You may optionally double-click the headline to see the matplotlib code, but note that writing matplotlib code is not an important part of learning ML programming.

In [None]:
def plot(weight, bias, feature, label):
  sample = training_df.sample(n=300)
  plt.scatter(sample[feature], sample[label])
  plt.plot([0, sample[feature].max()], [bias, bias+(weight*sample[feature].max())])
  plt.show()

def loss_curve(epochs, rmse):
  plt.ylim([rmse.min()*0.97, rmse.max()])
  plt.plot(epochs, rmse, label="loss")
  plt.legend()
  plt.show()

The first function plots the output of the model. I decided to randomly select 300 samples from the train set. The plotting will have a line that represents the linear regression model, with the x-axis values ranging from 0 to max for the feature column and y-axis values will be calculated based on the weight, bias, and features. loss_curve function, on the other hand, will simply just plot the loss curve. x-axis will be corresponding to the number of epochs and y-axis to the rmse value. There will also be y-axis limits for this plot - lower limit being 97% and upper limit is set to the max rmse value to ensure that the plot will show the variation in the loss metrics.

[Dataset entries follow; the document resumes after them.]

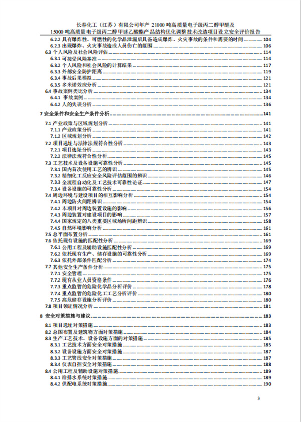 長春化工(江蘇)有限公司年產(chǎn)21000噸高質(zhì)量電子級(jí)丙二醇甲醚及15000噸高質(zhì)量電子級(jí)丙二醇甲醚乙酸酯產(chǎn)品結(jié)構(gòu)優(yōu)化調(diào)整技術(shù)改造項(xiàng)目所涉及到的主要生產(chǎn)裝置、工藝及物料、公用工程及儲(chǔ)運(yùn)設(shè)施、項(xiàng)目安全條件和安全生產(chǎn)條件等進(jìn)行定性定量安全評(píng)價(jià),并對(duì)建設(shè)項(xiàng)目可能存在的危險(xiǎn)、有害因素提出相應(yīng)的對(duì)策措施。 |
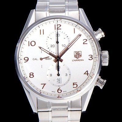 Tag Heuer Carrera CAL1887 Chronograph SS White Dial on SS Bracelet A7750
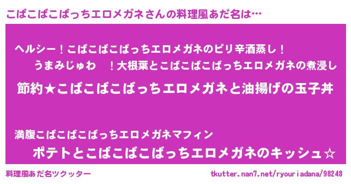 | 女子向けラノベタイトル風あだ名 | 『こばこばこばっちエロメガネ姫と円卓の騎士』 |
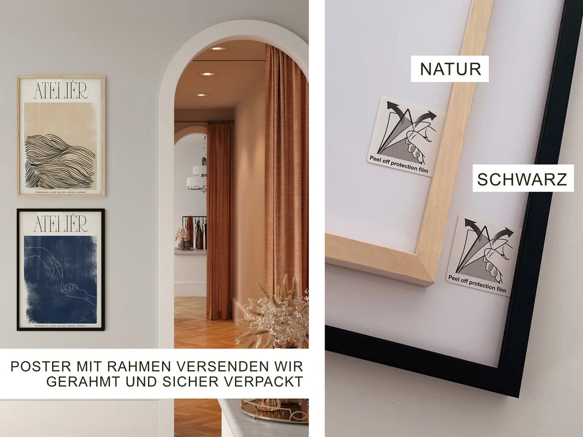 Das Bild kannst Du auch zusammen mit einem passenden Massivholzrahmen (Schwarz oder Natur) bestellen. Dann wird das Bild bereits gerahmt geliefert.
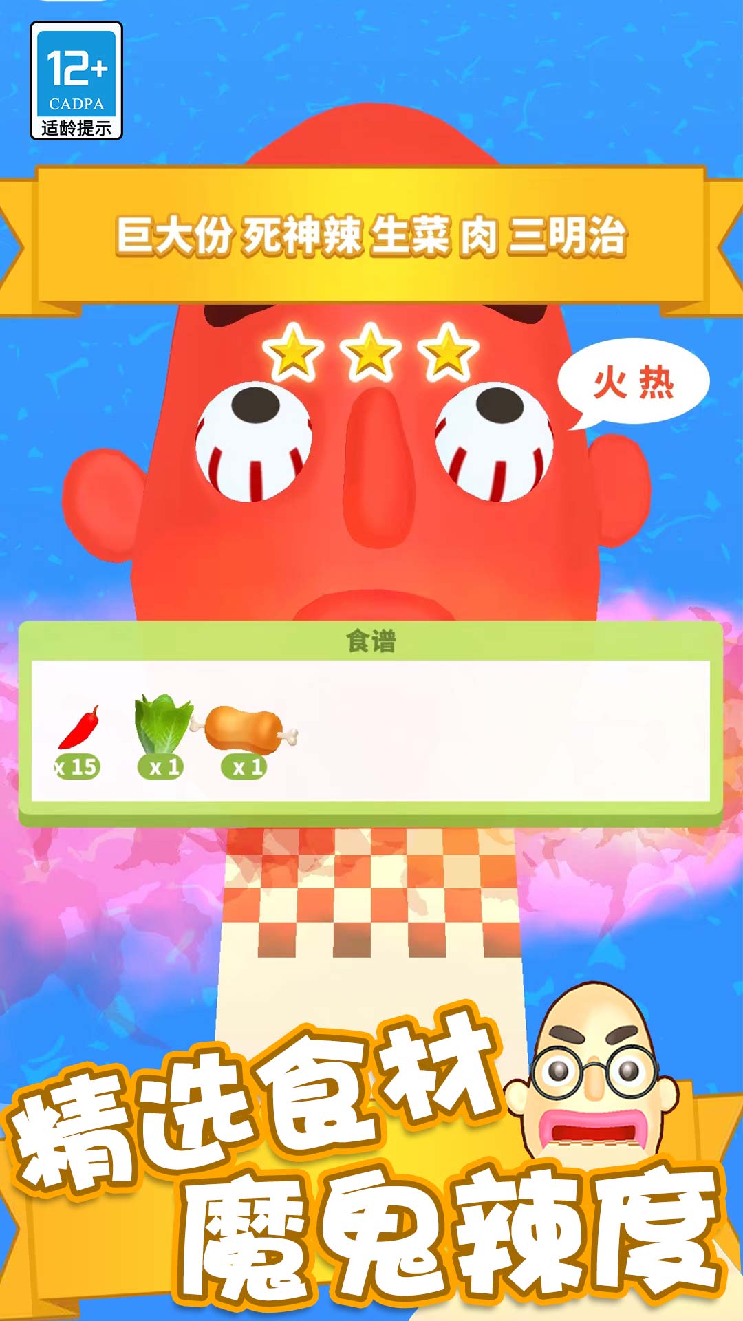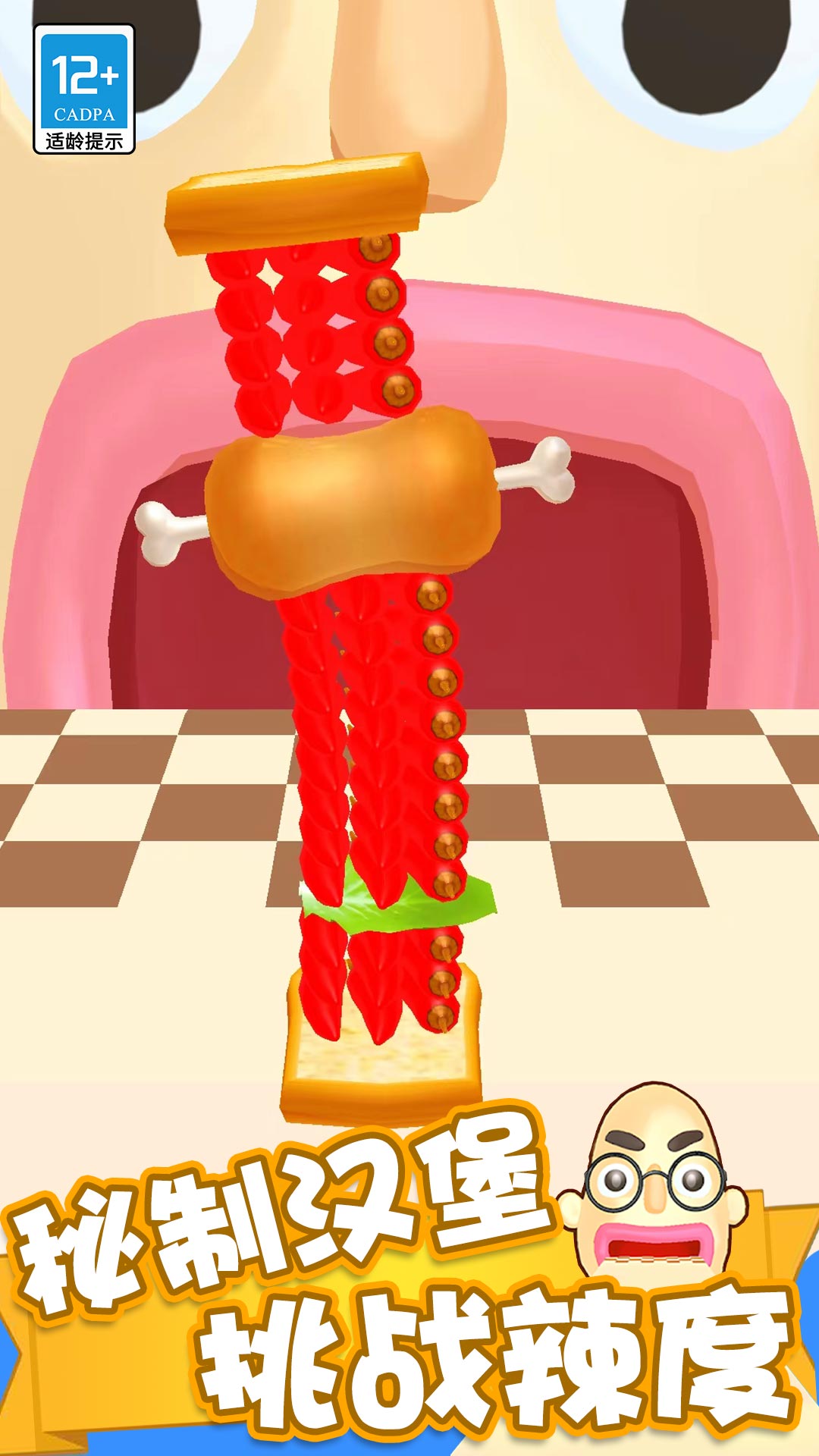 疯狂冲冲冲是一款美食制造游戏,在赛道中有着各种种类的配料。玩家需要通过自己的操作,搜集配料进行合理的搭配,制作出美味的三明治与汉堡。赛道中有着超级魔鬼椒、丰富的蔬菜、精选的肉类以及形形色色的可食用配料。玩家需要通过这些食材,荤素搭配制作出高评分的美味食物,测试你的料理能力。但是也需要注意赛道中也有着许多潜在的“危险”!譬如超级魔鬼椒、废弃的过期食材和海克斯科技!如果不小心添加过多的魔鬼椒,这一分汉堡可能会让你的顾客热度上头!如果不小心添加到了海克斯科技或废弃食材,小心顾客吃坏肚子的投诉!这是一款有趣,并且魔性的类跑酷+美食制作的游戏,创新的玩法让你在游戏的体验中欢乐连连!简单的操作,有趣的内容,可以帮助你释放一天的压力。

## Call the model functions

An important part of machine learning is determining which [features](https://developers.google.com/machine-learning/glossary/#feature) correlate with the [label](https://developers.google.com/machine-learning/glossary/#label). For example, real-life home-value prediction models typically rely on hundreds of features and synthetic features. However, this model relies on only one feature. For now, you'll arbitrarily use `total_rooms` as that feature.


In [None]:
# The following variables are the hyperparameters.
learning_rate = 0.01
epochs = 30
batch_size = 30

# Specify the feature and the label.
my_feature = "total_rooms"  # the total number of rooms on a specific city block.
my_label="median_house_value" # the median value of a house on a specific city block.
# That is, you're going to create a model that predicts house value based
# solely on total_rooms.

# Discard any pre-existing version of the model.
my_model = None

# Invoke the functions.
my_model = build_model(learning_rate)
weight, bias, epochs, rmse = train_model(my_model, training_df, my_feature, my_label, epochs, batch_size)

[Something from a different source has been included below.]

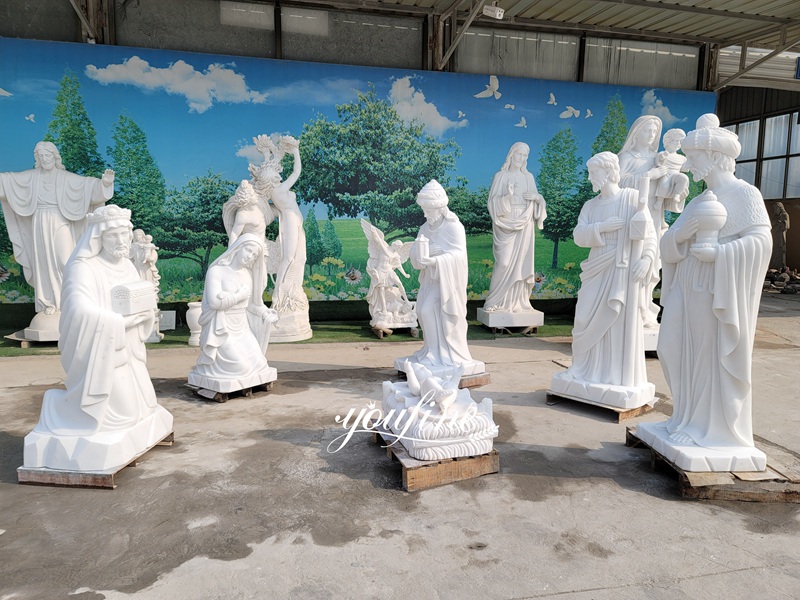 At our sculpture factory, we have extensive experience crafting high-quality religious sculptures, including Nativity scenes. Our skilled artisans use premium materials, such as resin and marble, to create detailed and durable pieces that bring the Nativity story to life. Whether you’re looking for a small set for your front yard or a large display for your church, we can tailor the design to meet your needs.
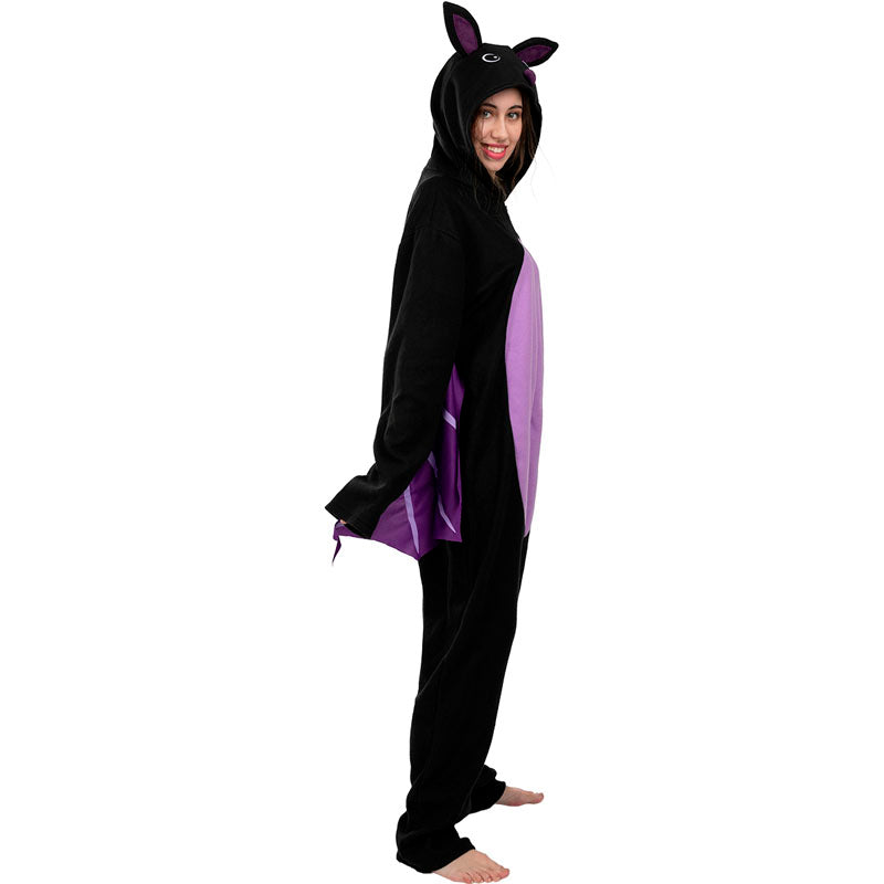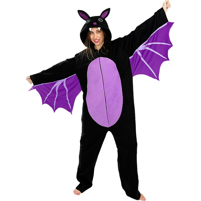 O novo fato de Morcego com asas para adultos contém: Macacão com capuz e asas | Este fato exclusivo, que servirá tanto para homens quanto para mulheres, imitando Morcego preto e roxo, está disponível em 3 tamanhos diferentes.

print("\nThe learned weight for your model is %.4f" % weight)
print("The learned bias for your model is %.4f\n" % bias )

plot(weight, bias, my_feature, my_label)
loss_curve(epochs, rmse)

A certain amount of randomness plays into training a model. Consequently, you'll get different results each time you train the model. That said, given the dataset and the hyperparameters, the trained model will generally do a poor job describing the feature's relation to the label.

## Use the model to make predictions

You can use the trained model to make predictions. In practice, [you should make predictions on examples that are not used in training](https://developers.google.com/machine-learning/crash-course/training-and-test-sets/splitting-data). However, for this exercise, you'll just work with a subset of the same training dataset. A later Colab exercise will explore ways to make predictions on examples not used in training.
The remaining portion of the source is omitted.